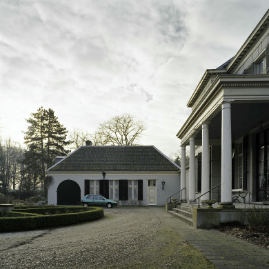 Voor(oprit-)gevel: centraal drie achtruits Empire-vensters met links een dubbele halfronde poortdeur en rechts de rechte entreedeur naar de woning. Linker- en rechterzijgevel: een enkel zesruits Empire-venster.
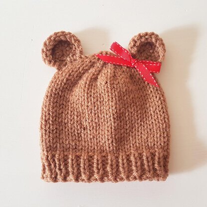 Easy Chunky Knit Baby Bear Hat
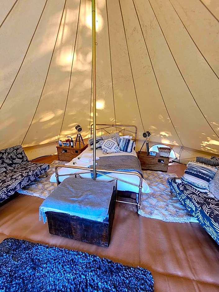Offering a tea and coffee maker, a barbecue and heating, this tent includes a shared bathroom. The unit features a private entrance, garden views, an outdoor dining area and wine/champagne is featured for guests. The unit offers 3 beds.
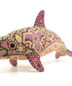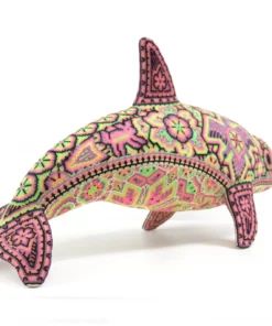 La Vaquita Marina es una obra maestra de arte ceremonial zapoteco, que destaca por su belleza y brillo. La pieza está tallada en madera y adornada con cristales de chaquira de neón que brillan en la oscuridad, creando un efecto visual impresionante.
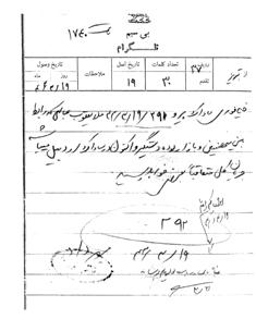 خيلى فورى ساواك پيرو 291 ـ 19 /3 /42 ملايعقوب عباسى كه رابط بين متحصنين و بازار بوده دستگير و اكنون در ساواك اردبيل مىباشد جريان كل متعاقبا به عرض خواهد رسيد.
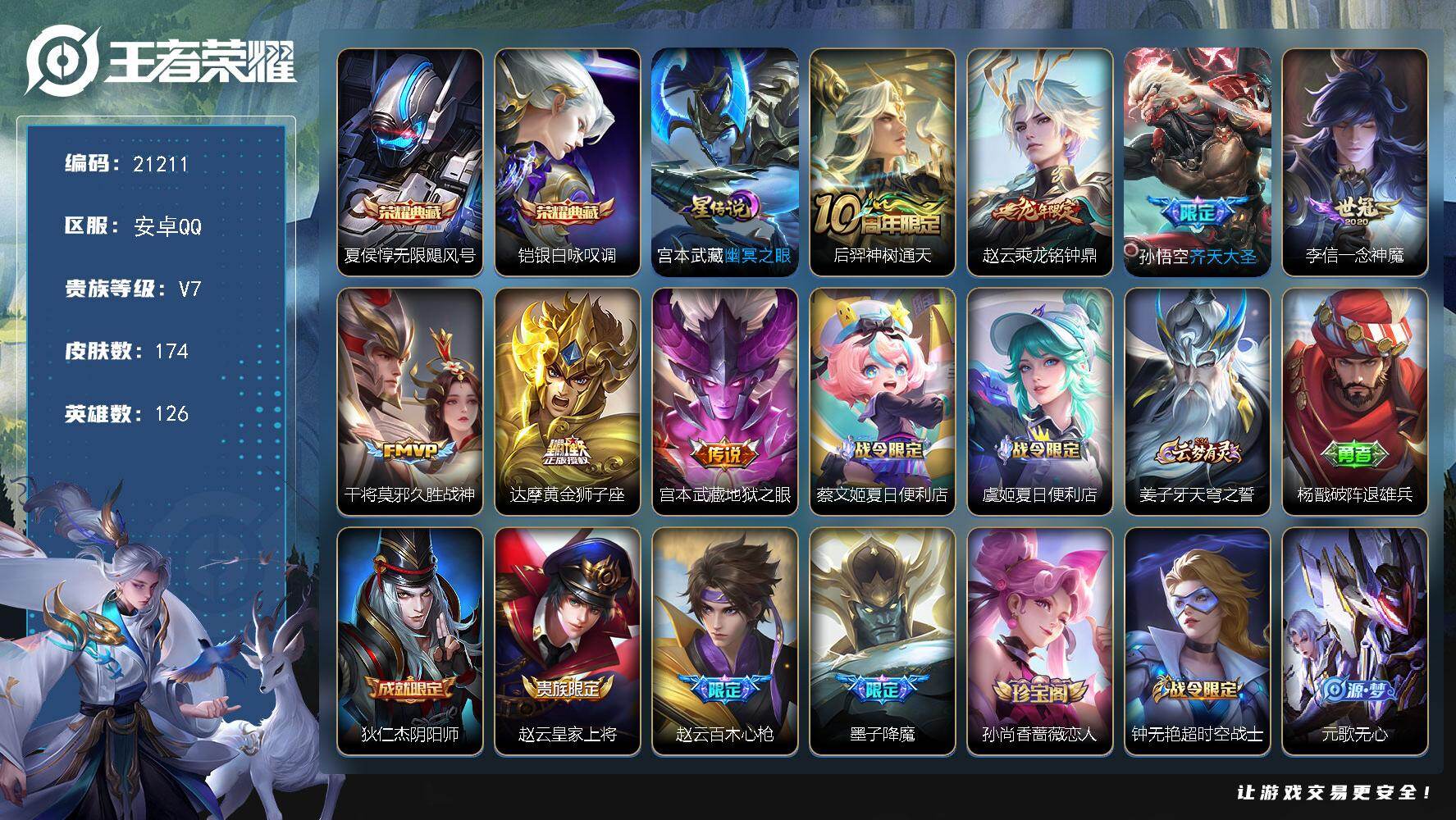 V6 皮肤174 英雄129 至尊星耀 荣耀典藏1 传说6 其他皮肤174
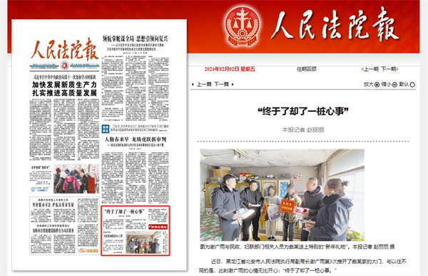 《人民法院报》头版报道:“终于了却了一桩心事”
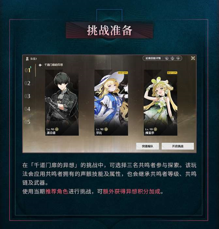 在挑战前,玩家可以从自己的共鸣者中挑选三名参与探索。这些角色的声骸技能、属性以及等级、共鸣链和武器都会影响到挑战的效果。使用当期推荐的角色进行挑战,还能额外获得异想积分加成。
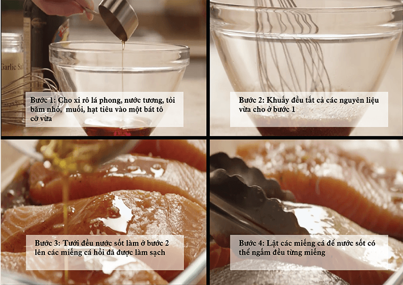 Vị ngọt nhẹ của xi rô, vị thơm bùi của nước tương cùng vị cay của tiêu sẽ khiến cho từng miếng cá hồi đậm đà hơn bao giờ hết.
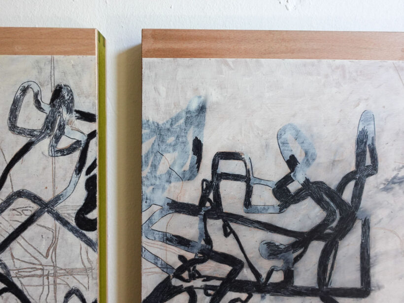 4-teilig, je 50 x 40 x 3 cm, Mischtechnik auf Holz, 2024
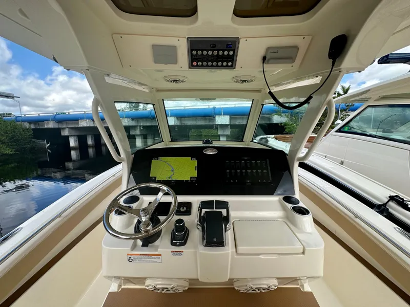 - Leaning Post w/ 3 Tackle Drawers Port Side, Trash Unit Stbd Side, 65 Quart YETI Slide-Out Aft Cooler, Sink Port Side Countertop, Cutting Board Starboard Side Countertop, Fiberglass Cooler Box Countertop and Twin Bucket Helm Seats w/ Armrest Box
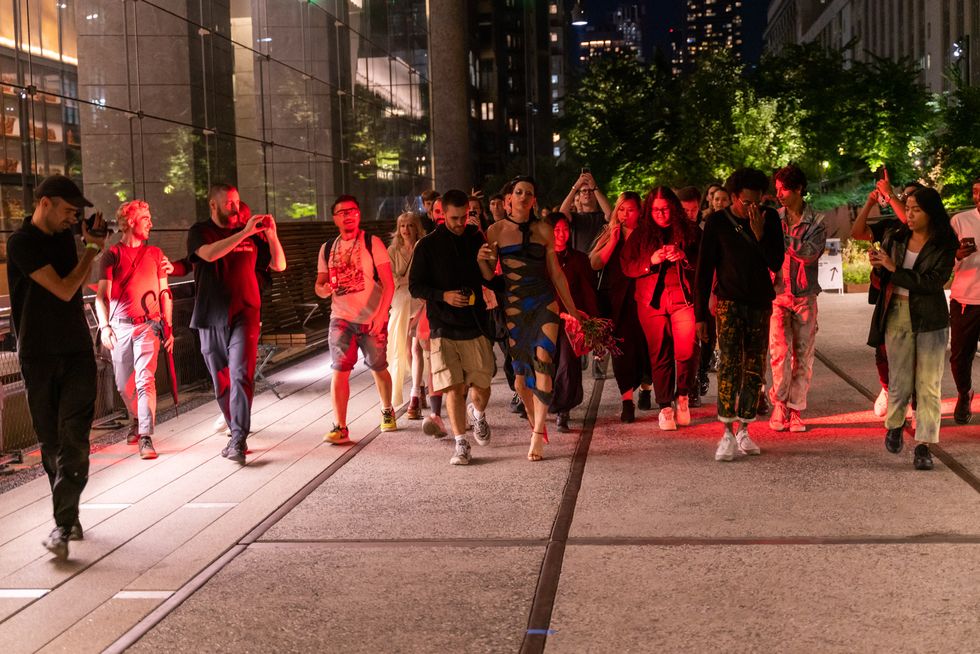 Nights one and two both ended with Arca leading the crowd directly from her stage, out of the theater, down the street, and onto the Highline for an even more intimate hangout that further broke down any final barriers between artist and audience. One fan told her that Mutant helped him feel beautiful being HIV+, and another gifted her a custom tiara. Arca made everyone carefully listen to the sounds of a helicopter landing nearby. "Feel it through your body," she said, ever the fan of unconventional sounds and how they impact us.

____________

» Aim of the task:
The entries above should be reproduced exactly, without their pictures.

» Exercise output:
 Voor(oprit-)gevel: centraal drie achtruits Empire-vensters met links een dubbele halfronde poortdeur en rechts de rechte entreedeur naar de woning. Linker- en rechterzijgevel: een enkel zesruits Empire-venster.
 Easy Chunky Knit Baby Bear Hat
Offering a tea and coffee maker, a barbecue and heating, this tent includes a shared bathroom. The unit features a private entrance, garden views, an outdoor dining area and wine/champagne is featured for guests. The unit offers 3 beds.
 La Vaquita Marina es una obra maestra de arte ceremonial zapoteco, que destaca por su belleza y brillo. La pieza está tallada en madera y adornada con cristales de chaquira de neón que brillan en la oscuridad, creando un efecto visual impresionante.
 خيلى فورى ساواك پيرو 291 ـ 19 /3 /42 ملايعقوب عباسى كه رابط بين متحصنين و بازار بوده دستگير و اكنون در ساواك اردبيل مىباشد جريان كل متعاقبا به عرض خواهد رسيد.
 V6 皮肤174 英雄129 至尊星耀 荣耀典藏1 传说6 其他皮肤174
 《人民法院报》头版报道:“终于了却了一桩心事”
 在挑战前,玩家可以从自己的共鸣者中挑选三名参与探索。这些角色的声骸技能、属性以及等级、共鸣链和武器都会影响到挑战的效果。使用当期推荐的角色进行挑战,还能额外获得异想积分加成。
 Vị ngọt nhẹ của xi rô, vị thơm bùi của nước tương cùng vị cay của tiêu sẽ khiến cho từng miếng cá hồi đậm đà hơn bao giờ hết.
 4-teilig, je 50 x 40 x 3 cm, Mischtechnik auf Holz, 2024
 - Leaning Post w/ 3 Tackle Drawers Port Side, Trash Unit Stbd Side, 65 Quart YETI Slide-Out Aft Cooler, Sink Port Side Countertop, Cutting Board Starboard Side Countertop, Fiberglass Cooler Box Countertop and Twin Bucket Helm Seats w/ Armrest Box
 Nights one and two both ended with Arca leading the crowd directly from her stage, out of the theater, down the street, and onto the Highline for an even more intimate hangout that further broke down any final barriers between artist and audience. One fan told her that Mutant helped him feel beautiful being HIV+, and another gifted her a custom tiara. Arca made everyone carefully listen to the sounds of a helicopter landing nearby. "Feel it through your body," she said, ever the fan of unconventional sounds and how they impact us.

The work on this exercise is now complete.